Records from a data collection:
═══
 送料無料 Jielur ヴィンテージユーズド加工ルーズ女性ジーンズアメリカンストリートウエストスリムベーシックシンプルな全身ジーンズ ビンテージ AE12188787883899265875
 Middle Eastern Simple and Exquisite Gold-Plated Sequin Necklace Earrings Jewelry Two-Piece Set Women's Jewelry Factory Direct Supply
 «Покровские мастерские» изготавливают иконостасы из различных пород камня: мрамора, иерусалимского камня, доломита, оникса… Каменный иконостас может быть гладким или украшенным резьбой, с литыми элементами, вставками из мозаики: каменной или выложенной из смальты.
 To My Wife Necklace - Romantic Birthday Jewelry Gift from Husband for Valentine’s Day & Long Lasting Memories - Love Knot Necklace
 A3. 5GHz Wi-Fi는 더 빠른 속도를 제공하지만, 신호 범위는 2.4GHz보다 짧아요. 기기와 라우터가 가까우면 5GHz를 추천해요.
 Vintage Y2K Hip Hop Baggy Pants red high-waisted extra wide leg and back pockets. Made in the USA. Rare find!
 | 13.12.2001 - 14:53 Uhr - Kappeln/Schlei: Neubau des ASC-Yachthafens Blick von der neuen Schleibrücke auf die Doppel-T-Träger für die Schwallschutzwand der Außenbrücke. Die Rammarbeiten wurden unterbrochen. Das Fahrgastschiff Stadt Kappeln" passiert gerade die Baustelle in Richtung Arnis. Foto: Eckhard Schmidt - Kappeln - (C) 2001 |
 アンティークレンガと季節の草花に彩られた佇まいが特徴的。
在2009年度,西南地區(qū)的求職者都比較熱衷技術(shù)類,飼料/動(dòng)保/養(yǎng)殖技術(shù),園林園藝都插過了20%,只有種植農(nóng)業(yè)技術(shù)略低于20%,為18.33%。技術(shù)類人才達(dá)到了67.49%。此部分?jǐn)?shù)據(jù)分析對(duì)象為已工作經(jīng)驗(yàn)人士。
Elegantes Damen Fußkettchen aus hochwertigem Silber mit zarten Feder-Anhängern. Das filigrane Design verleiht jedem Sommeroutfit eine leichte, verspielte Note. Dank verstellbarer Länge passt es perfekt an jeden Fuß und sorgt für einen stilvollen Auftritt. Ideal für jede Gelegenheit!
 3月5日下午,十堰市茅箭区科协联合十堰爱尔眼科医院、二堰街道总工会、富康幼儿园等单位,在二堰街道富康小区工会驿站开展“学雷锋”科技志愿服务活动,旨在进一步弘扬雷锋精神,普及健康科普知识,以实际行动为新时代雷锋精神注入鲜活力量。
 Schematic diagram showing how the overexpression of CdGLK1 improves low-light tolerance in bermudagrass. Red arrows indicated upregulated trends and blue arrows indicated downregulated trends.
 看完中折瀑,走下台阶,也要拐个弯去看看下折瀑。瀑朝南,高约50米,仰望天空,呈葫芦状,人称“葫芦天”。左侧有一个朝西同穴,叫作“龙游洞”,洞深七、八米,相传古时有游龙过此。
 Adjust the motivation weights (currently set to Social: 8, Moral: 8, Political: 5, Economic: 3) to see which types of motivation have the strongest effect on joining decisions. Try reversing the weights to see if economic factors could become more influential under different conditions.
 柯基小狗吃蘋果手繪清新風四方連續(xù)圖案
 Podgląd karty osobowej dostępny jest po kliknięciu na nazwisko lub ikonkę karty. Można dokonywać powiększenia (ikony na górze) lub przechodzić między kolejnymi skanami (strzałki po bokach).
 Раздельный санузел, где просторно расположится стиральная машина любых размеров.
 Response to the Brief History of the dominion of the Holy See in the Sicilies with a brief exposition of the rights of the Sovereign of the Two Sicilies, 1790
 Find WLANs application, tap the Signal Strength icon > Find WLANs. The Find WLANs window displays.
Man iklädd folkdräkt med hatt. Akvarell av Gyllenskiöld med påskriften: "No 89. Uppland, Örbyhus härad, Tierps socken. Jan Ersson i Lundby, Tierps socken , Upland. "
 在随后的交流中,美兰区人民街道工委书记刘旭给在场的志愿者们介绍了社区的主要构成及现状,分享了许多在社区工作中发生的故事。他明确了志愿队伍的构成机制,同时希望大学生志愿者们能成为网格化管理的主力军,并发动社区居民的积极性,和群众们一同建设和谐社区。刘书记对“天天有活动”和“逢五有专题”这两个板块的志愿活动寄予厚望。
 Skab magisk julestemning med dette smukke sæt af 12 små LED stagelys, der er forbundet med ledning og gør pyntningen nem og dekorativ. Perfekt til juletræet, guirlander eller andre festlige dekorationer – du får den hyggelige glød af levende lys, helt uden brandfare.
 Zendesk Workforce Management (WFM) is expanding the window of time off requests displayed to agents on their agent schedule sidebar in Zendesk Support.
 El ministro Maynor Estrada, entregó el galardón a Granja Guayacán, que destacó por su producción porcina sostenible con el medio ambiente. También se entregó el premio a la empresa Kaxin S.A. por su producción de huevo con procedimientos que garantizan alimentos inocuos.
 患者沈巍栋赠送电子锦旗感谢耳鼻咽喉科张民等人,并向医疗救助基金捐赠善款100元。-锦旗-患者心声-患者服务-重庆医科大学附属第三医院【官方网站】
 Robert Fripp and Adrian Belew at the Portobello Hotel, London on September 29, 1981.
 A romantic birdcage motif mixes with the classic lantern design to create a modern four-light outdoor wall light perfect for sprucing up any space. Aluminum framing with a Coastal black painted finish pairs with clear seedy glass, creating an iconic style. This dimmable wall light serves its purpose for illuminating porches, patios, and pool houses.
═══
**About this exercise:** From the opening line of the data above, please print each line as written up to and including the line that contains "在2009年度,西南地區(q", and nothing more.

**Exercise solution:**
 送料無料 Jielur ヴィンテージユーズド加工ルーズ女性ジーンズアメリカンストリートウエストスリムベーシックシンプルな全身ジーンズ ビンテージ AE12188787883899265875
 Middle Eastern Simple and Exquisite Gold-Plated Sequin Necklace Earrings Jewelry Two-Piece Set Women's Jewelry Factory Direct Supply
 «Покровские мастерские» изготавливают иконостасы из различных пород камня: мрамора, иерусалимского камня, доломита, оникса… Каменный иконостас может быть гладким или украшенным резьбой, с литыми элементами, вставками из мозаики: каменной или выложенной из смальты.
 To My Wife Necklace - Romantic Birthday Jewelry Gift from Husband for Valentine’s Day & Long Lasting Memories - Love Knot Necklace
 A3. 5GHz Wi-Fi는 더 빠른 속도를 제공하지만, 신호 범위는 2.4GHz보다 짧아요. 기기와 라우터가 가까우면 5GHz를 추천해요.
 Vintage Y2K Hip Hop Baggy Pants red high-waisted extra wide leg and back pockets. Made in the USA. Rare find!
 | 13.12.2001 - 14:53 Uhr - Kappeln/Schlei: Neubau des ASC-Yachthafens Blick von der neuen Schleibrücke auf die Doppel-T-Träger für die Schwallschutzwand der Außenbrücke. Die Rammarbeiten wurden unterbrochen. Das Fahrgastschiff Stadt Kappeln" passiert gerade die Baustelle in Richtung Arnis. Foto: Eckhard Schmidt - Kappeln - (C) 2001 |
 アンティークレンガと季節の草花に彩られた佇まいが特徴的。
在2009年度,西南地區(qū)的求職者都比較熱衷技術(shù)類,飼料/動(dòng)保/養(yǎng)殖技術(shù),園林園藝都插過了20%,只有種植農(nóng)業(yè)技術(shù)略低于20%,為18.33%。技術(shù)類人才達(dá)到了67.49%。此部分?jǐn)?shù)據(jù)分析對(duì)象為已工作經(jīng)驗(yàn)人士。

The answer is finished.